阅读说明：本技术 一种碱性磷酸酶活性的荧光检测方法 (A kind of fluorescence detection method of alkaline phosphatase activities ) 是由 孙健 杨秀荣 刘国永 赵佳会 卢沙沙 于 2019-08-27 设计创作，主要内容包括：本发明涉及一种碱性磷酸酶活性的荧光检测方法,将4-羟基苯基磷酸钠(4-HPP)作为底物,在水溶液中,该底物分子经碱性磷酸酶的催化水解生成1,4-苯二酚(HQ),1,4-苯二酚可以与后续加入的3-(2-氨基乙基氨基)丙基三甲氧基硅烷(DAMO)发生反应,生成绿色荧光发射的硅纳米粒子(SiNPs)。体系中的碱性磷酸酶活性越高,生成的荧光硅纳米粒子就越多,荧光强度就越大,根据检测溶液的荧光强度变化,进行碱性磷酸酶活性的定量分析检测。与现有技术相比,本发明所需试剂药品简单易得,操作方便,快速准确,为临床样品中碱性磷酸酶活性定量检测提供了一种灵敏可靠的方法。本发明的荧光检测方法,检出限为0.1mU/mL,具有高灵敏度,高选择性,宽线性范围等优点。
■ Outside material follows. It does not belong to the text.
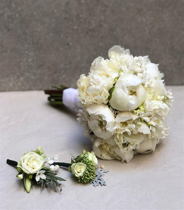 Annemarie 11 Beyaz Şakayık Gelin Buketi Damat Sadıç Yaka Çiçeği Seti

(The present invention relates to a kind of fluorescence detection methods of alkaline phosphatase activities, it regard 4- hydroxy phenyl sodium phosphate (4-HPP) as substrate, in aqueous solution, the substrate molecule generates 1 through the catalyzing hydrolysis of alkaline phosphatase, 4- benzenediol (HQ), 1, 4-benzenediol can react with 3- (2- aminoethylamino) propyl trimethoxy silicane (DAMO) of subsequent addition, generate the silicon nano (SiNPs) of green-fluorescent emission.Alkaline phosphatase activities in system are higher, and the Fluorescent silicon nanoparticle of generation is more, and fluorescence intensity is bigger, according to the fluorescence intensity change of detection solution, carry out the quantitative analysis detection of alkaline phosphatase activities.Compared with prior art, reagent chemicals needed for the present invention are simple and easy to get, easy to operate, quick and precisely, provide a kind of sensitive reliable method for clinical sample activity change of Alkaline phosphatase quantitative detection.The advantages that fluorescence detection method of the invention, detection are limited to 0.1mU/mL, have high sensitivity, highly selective, the wide range of linearity.)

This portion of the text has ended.